Philosophy
  • Design
  • The design and programming of a game don't have to mean the same thing. While the history of game design is marked by many programmers designing and coding simultaneously, several classic games, such as Super Mario Bros, evolved out of designer and programmer working together. In the twenty years since Shigeru Miyamoto communicated his idea for a guy jumping around against a sky background, the vocubulary and conceptual toolset of game design theory has matured dramatically. At True Vacuum, every core team member has a wide and deep familiarity with design theory, enabling experimental design problems to be discussed and approached in a rigorous way. Our experience practicing, devising and publishing theory also makes us skillful at analyzing playable games, or recommending design patterns for a burgeoning project.

  • Project Management
  • Creativity can't be planned. The practice of allocating tasks in a prescribed order between highly coupled team segments, known as the Waterwall method, is not approrpriate for game projects, where creative flexibility is at a premium. True Vacuum functions to prototype and iterate towards a quality core play model, before the majority of a project budget is put into producing all the assets and secondary code. In working with production designers and concept artists, we lay the constraints for their creativity and then give them the freedom to express their talents.

  • Business
  • The game playing audience is rapidly growing into new demographics, and with these new demographics comes a whole ecology of unexplored niches.

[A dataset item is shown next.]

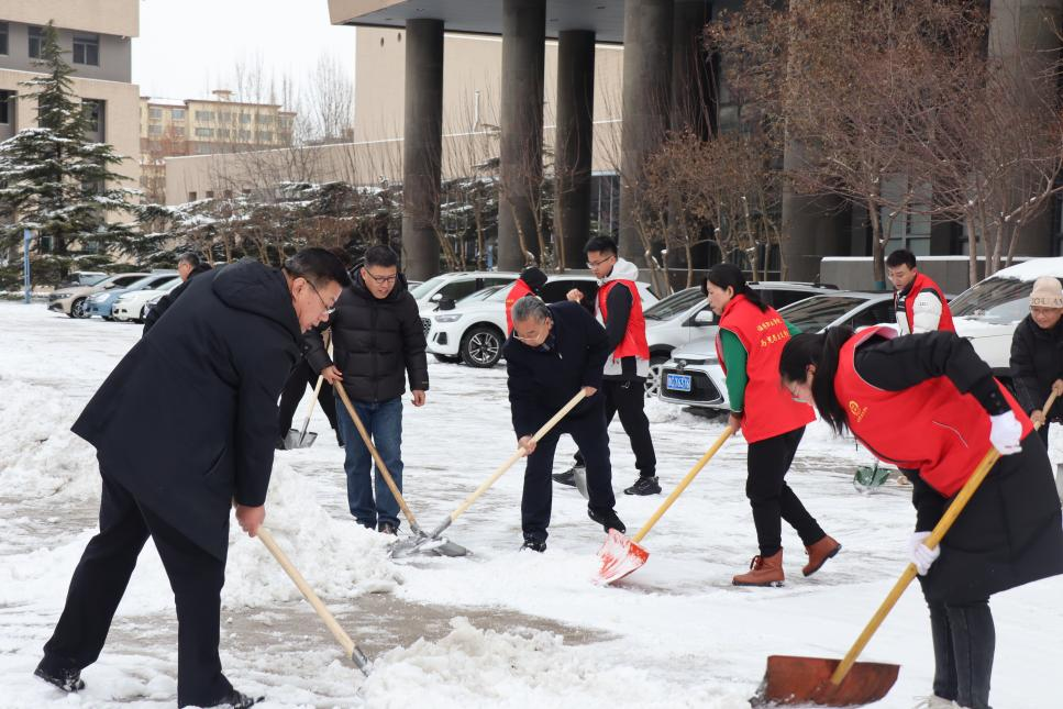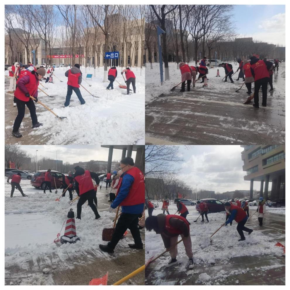 又下了一天一夜的大雪,伴随着初升的朝阳,终于在第二天一早停了。提前撒下的融雪剂起了作用,路面经过车轮碾压,大部分积雪都融化了。各处室、院系党员干部、教师以及后勤一线工作人员继续开展扫雪除冰工作,路面积雪较厚的冰层铲除难度大,大家纷纷用铁锹将冰面敲碎,再用扫帚、铲子等将其堆放至一侧,大家通力合作、轮番上阵,铁锹碰撞地面的“咔咔”声混着扫帚与雪的“沙沙”声在大雪天里演奏了一曲“开学保障进行曲”,团结协作的扫雪场景也成为了严寒校园里一道靓丽的风景。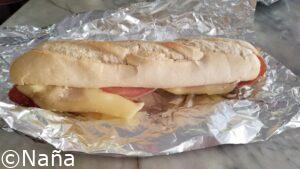 毎朝生ハムのボカディージョ。それと、カフェ コン レチェ(カフェオレ)。

The arrival of new business models makes exploring these new niches highly profitable. While some game types may struggle to generate sales in a download/conversion business model, the same game might virally flourish under a free-to-play model driven by advertising or micro-transaction revenues. The prevalence of digitial distribution channels on seventh generation consoles, and internationally with growing broadband penetration, mean that underserved international and demographic markets are starving for content that can now be feasibly delivered. Our long term strategy is to first be involved in the production of mass-market games that expand the overall audience, and then to create artistic titles that appeal to newly unearthed niches.

  • Players
  • For too long the design of games has been dominated by an adversarial attitude regarding players. Most games involved a potentially grueling challenge that the play must overcome to proceed, often dying and reincarnating several times in the process. This grew out of the arcade business model, where player death equalled more revenue, but oddly persisted through several generations of home console and computer gaming. The most likely cause of this persistence is a lack of player feedback in the process of a game's development. As soon as a playable prototype is ready for a project, we involve uninitiated play testers from a target demographic and incorporate their feedback into our design decisions.